OpenACC based cuda application for GPU utilization

I am working on an application for the Jetson AGX Xavier, where I aim to utilize the GPU for continuous data processing using OpenACC. I have two functions that I plan to offload to the GPU using OpenACC. These functions will continuously wait for events to process data. Additionally, I have a GPU thread dedicated to managing buffer sharing between the CPU and GPU.

  • GPU Thread: Continuously waits for an event from the CPU. When the CPU fills the buffer and sends an event, the GPU Thread copies the data from the CPU buffer to another buffer on the GPU and triggers an event for Function 1.
  • Function 1: Waits for a data buffer from the GPU Thread via an event.
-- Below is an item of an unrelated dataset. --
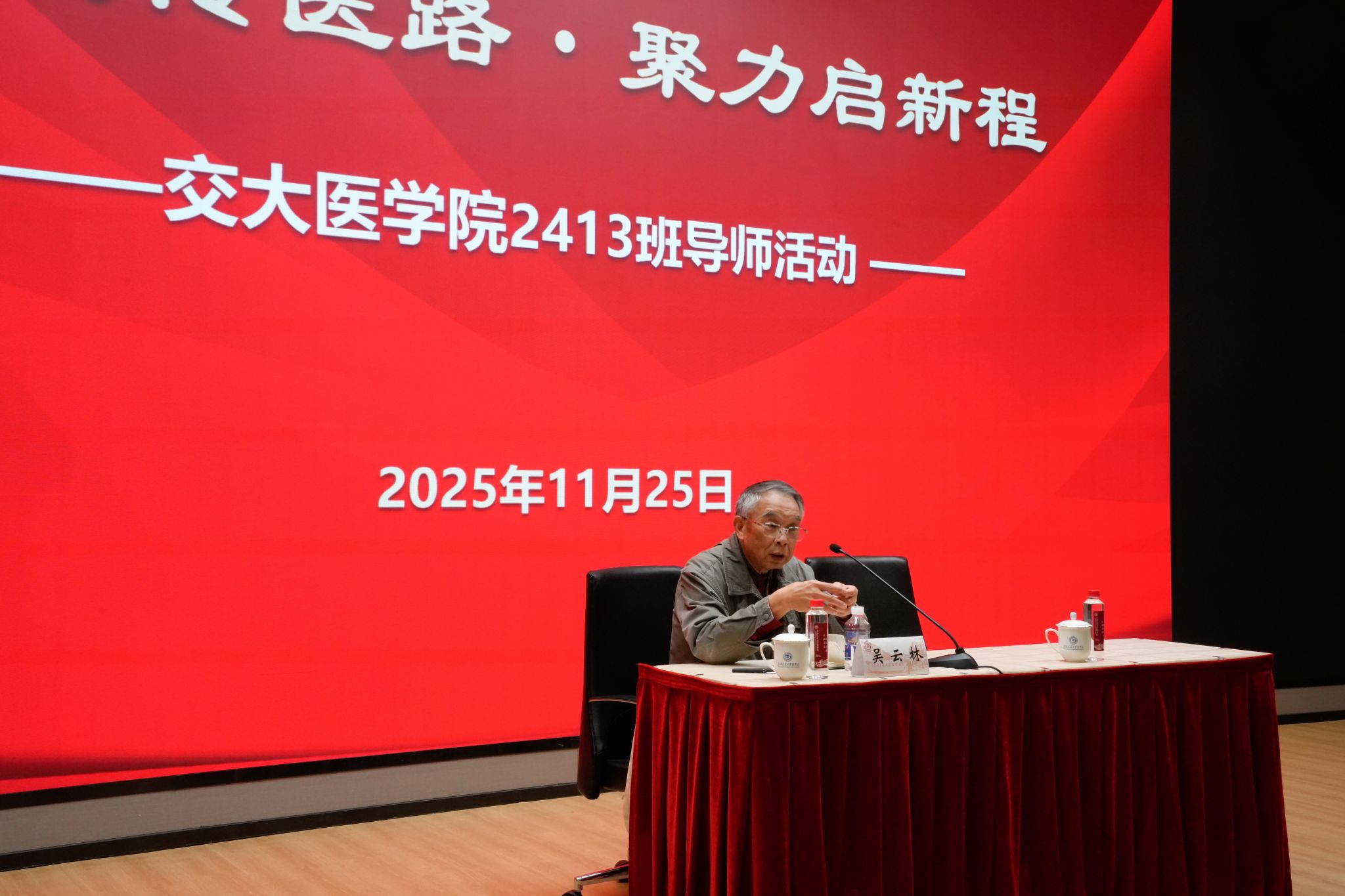 吴云林教授首先与同学分享从医几十年的感悟。他回忆在安徽巢湖抗洪救灾的经历以及在临床工作中的感悟与思考,鼓励同学们未来要注重把临床经验总结为科研结果。

Once triggered, it copies the data from the buffer, processes it, and sends an event to Function 2 on the GPU.
  • Function 2: Waits for the event from Function 1. Upon receiving the event, it processes the data and, after completing the processing, sends the buffer back to the CPU using an event.

My questions are:

  1. Is it possible to handle events using the CUDA events API between the host (CPU) and the GPU Thread, as well as between Function 2 and the CPU?
  2. Can event handling between the GPU Thread and Function 1, as well as between Function 1 and Function 2 (both offloaded using OpenACC kernels pragmas), be implemented effectively?
  3. Furthermore, in my application I want for all processing, including event handling between the GPU Thread, Function 1, and Function 2, to remain entirely on the GPU without involving the CPU once the data has been transferred. Is it ensured in this approach?

Does this approach seem correct?